Tom Friedman has a great article this morning in the New York Times: Green the Bailout
Friedman says that we need to add a buildup to the bailout and that it should be green.
In a green economy, we would rely less on credit from foreigners "and more on creativity from Americans," argued Van Jones, president of Green for All, and author of the forthcoming "The Green Collar Economy." "It’s time to stop borrowing and start building. America’s No. 1 resource is not oil or mortgages. Our No. 1 resource is our people. Let’s put people back to work — retrofitting and repowering America. ... You can’t base a national economy on credit cards. But you can base it on solar panels, wind turbines, smart biofuels and a massive program to weatherize every building and home in America."
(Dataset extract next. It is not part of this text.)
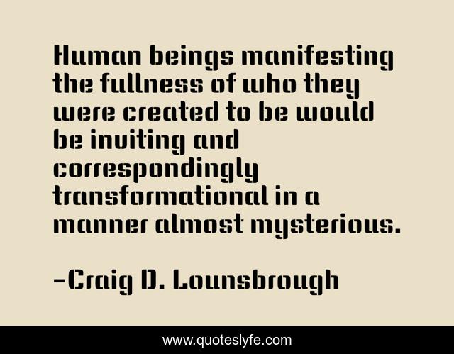 "Craig D. Lounsbrough Quotes." Quoteslyfe.com, 2025. Fri. 05 Dec. 2025. <https://www.quoteslyfe.com/quote/Human-beings-manifesting-the-fullness-of-who-229965>.
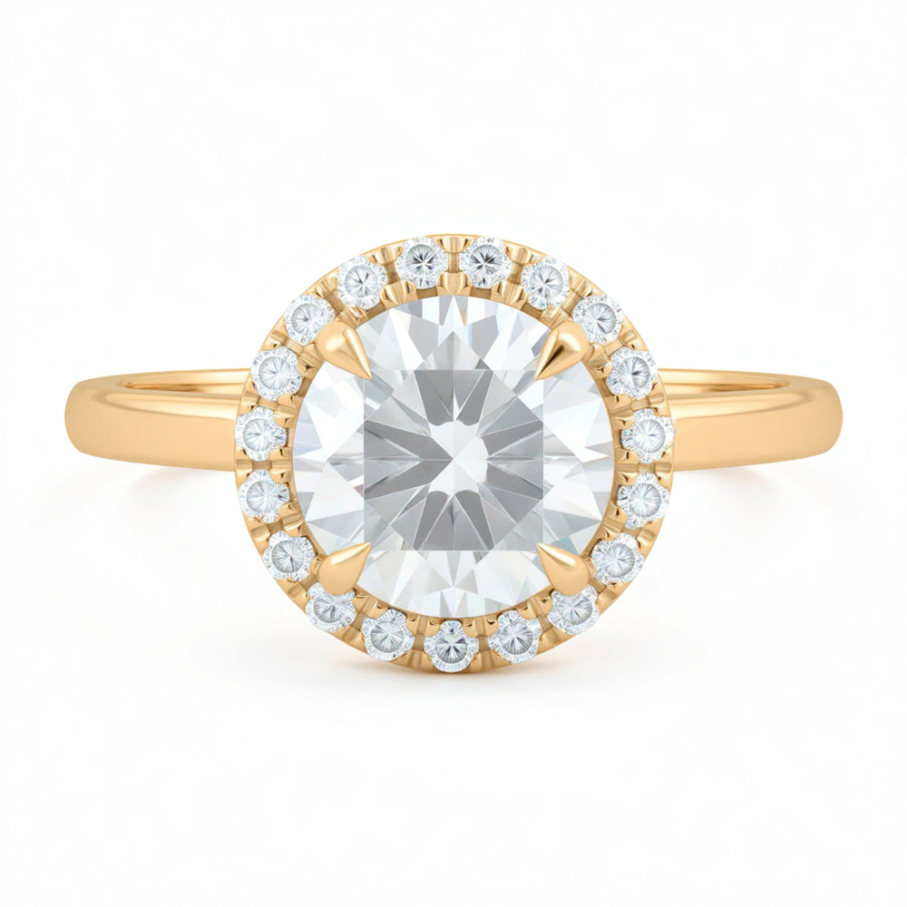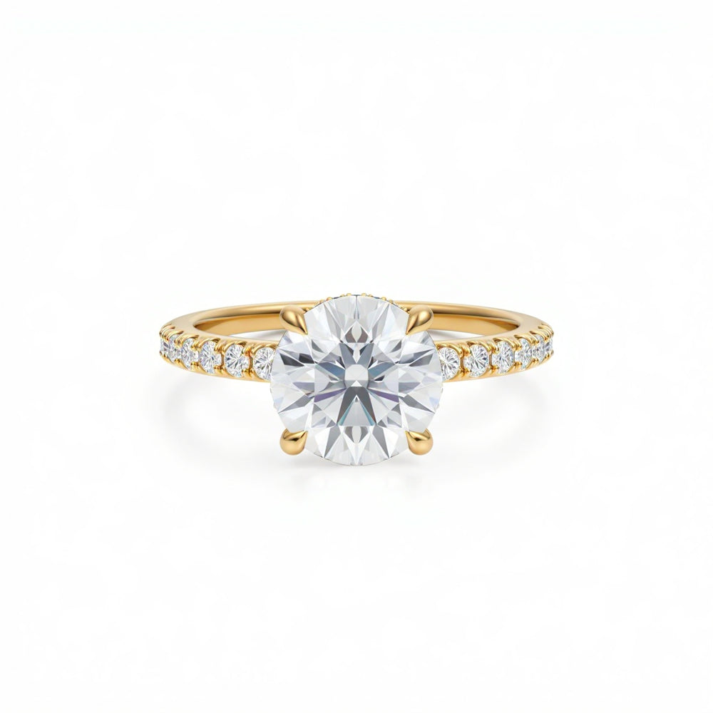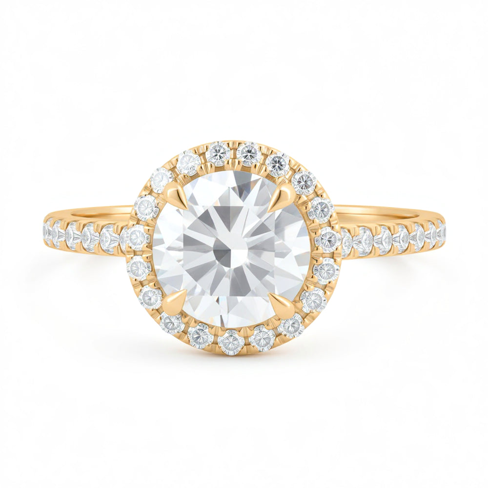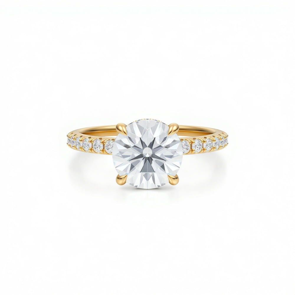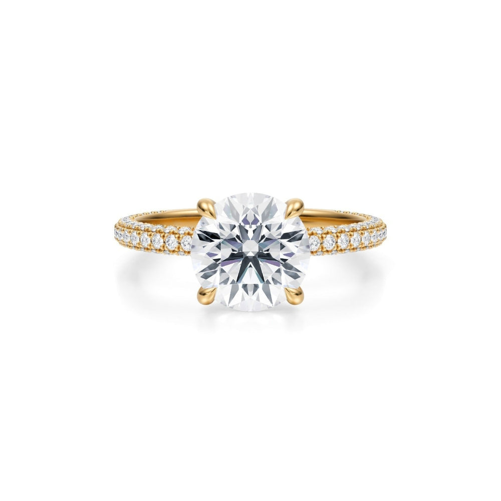 Discover classic solitaires, pavé-band rounds, cathedral shoulders, hidden halos, halos, and three-stone designs. Choose natural or lab-grown diamonds, your metal (18K yellow, white, rose gold or platinum), and band styles from delicate to sturdy for daily wear.

It's fascinating how quickly the idea of building a new Green economy has become a mainstream idea, as evidenced by this interesting Friedman article.
In the beginning of the article he talks about how we have had economic crisis before, boom and bust cycles where lots of money has been made or lost. But the difference with this particular crisis is that we have nothing but dead derivatives to show for it.
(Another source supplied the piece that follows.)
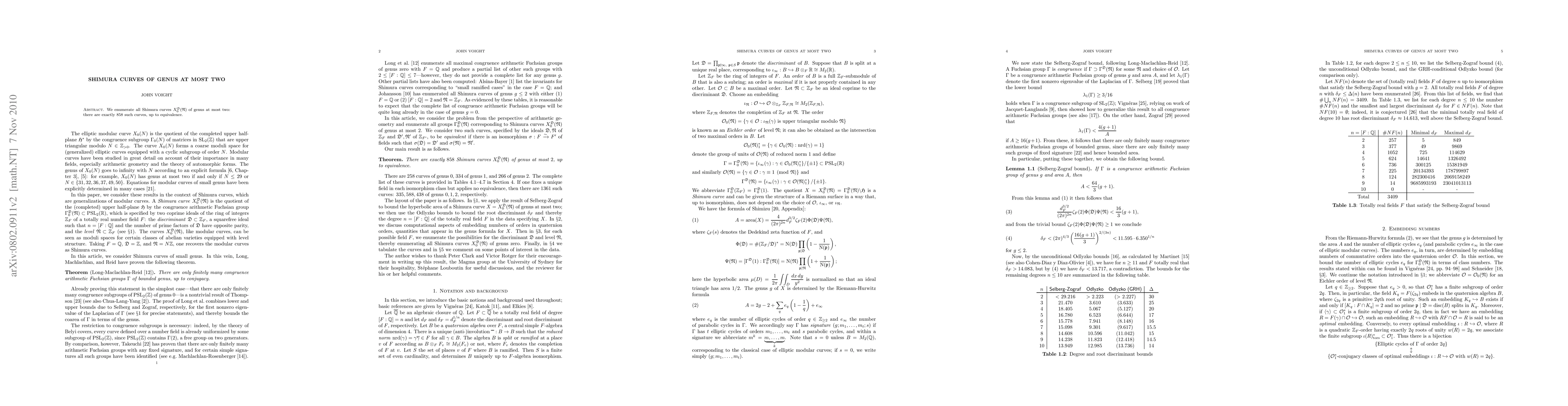 The paper presents an algorithm for enumerating Shimura curves of genus at most two, along with methods for computing embedding numbers and areas, contributing to the computational aspects of Shimura curve theory.
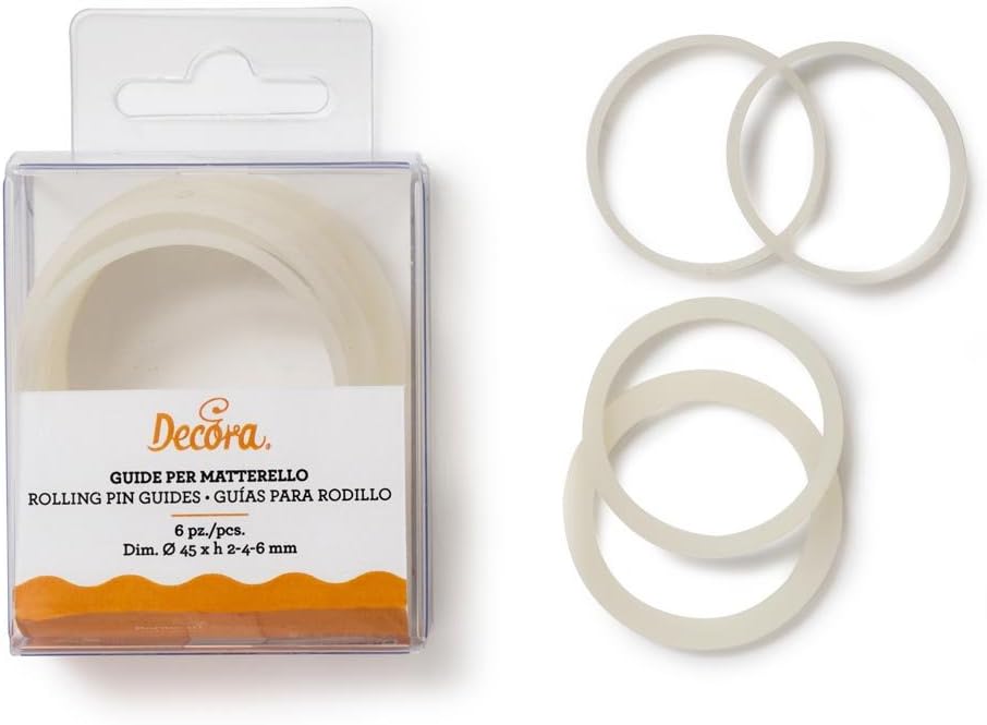 Pratiche guide da posizionare alle estremità del matarello per dare spessore uniforme alla pasta di zucchero, alla pasta frolla ed a impasti vari.

Many things make me weep about the current economic crisis, but none more than this brief economic history: In the 19th century, America had a railroad boom, bubble and bust. Some people made money; many lost money. But even when that bubble burst, it left America with an infrastructure of railroads that made transcontinental travel and shipping dramatically easier and cheaper.
He then goes on about how we need to get back on track by rebuilding the American dream by creating new things and the best focus of that investment will be the Greening of America.
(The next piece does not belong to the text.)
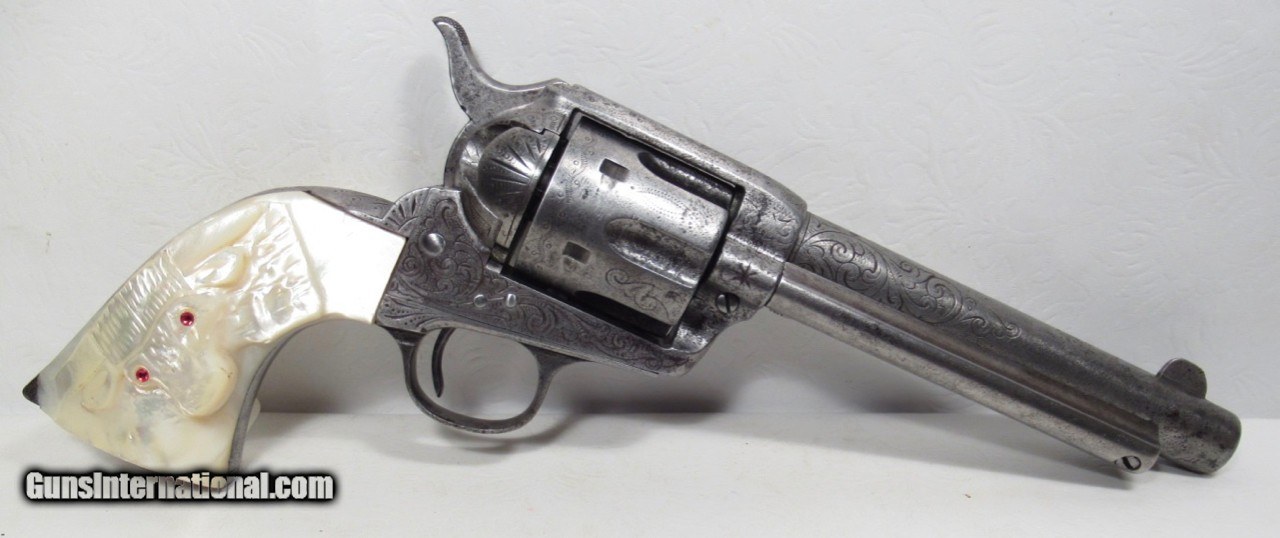 Description: These Carved Steer-Head Pearl Grips Came Off of a Wolf & Klar – Ft. Worth, Texas Colt Single Action Army; Minor damage to both grips (see photos); Marked on Inside “VIIII” of Both Grips; GRIPS ONLY – Revolver for Display Only; See All Photos for Condition; No Texts; Call (254)541-5765 or Email Only; PERSONAL PROPERTY of Harold Wieser; Price: $1,575 + $45 S&H Via USPS PRIORITY MAIL; Payment Address: Harold Wieser - 1466 U.S. Hwy 77 - Rosebud, TX 76570; SEND PAYMENTS VIA USPS PRIORITY MAIL; SOLD |
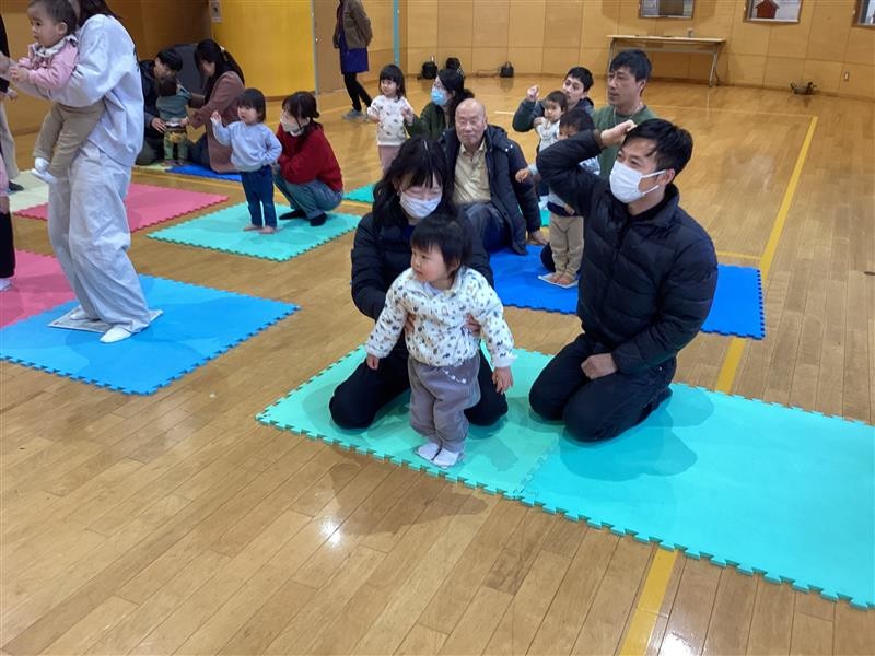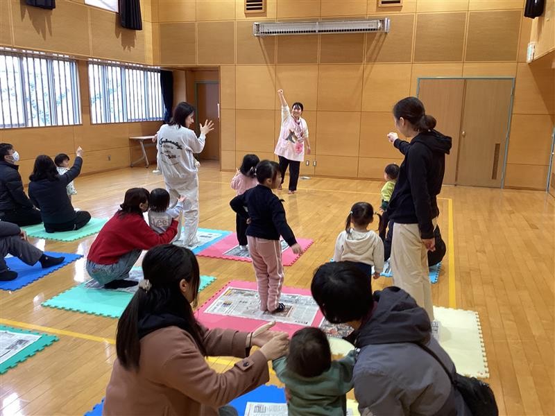 新聞じゃんけんでは、負けるとだんだんと小さくなる新聞の上で、片足で立ったり保護者に抱っこされたり、バランスを取っている姿が可愛らしかったです♡勝っても負けても笑顔で楽しそうでした。

The point is, we don’t just need a bailout. We need a buildup. We need to get back to making stuff, based on real engineering not just financial engineering. We need to get back to a world where people are able to realize the American Dream — a house with a yard — because they have built something with their hands, not because they got a "liar loan" from an underregulated bank with no money down and nothing to pay for two years.
Wow. Is it possible that this disaster might actually get us moving toward a Green machine that will truly lead us into the 21st Century?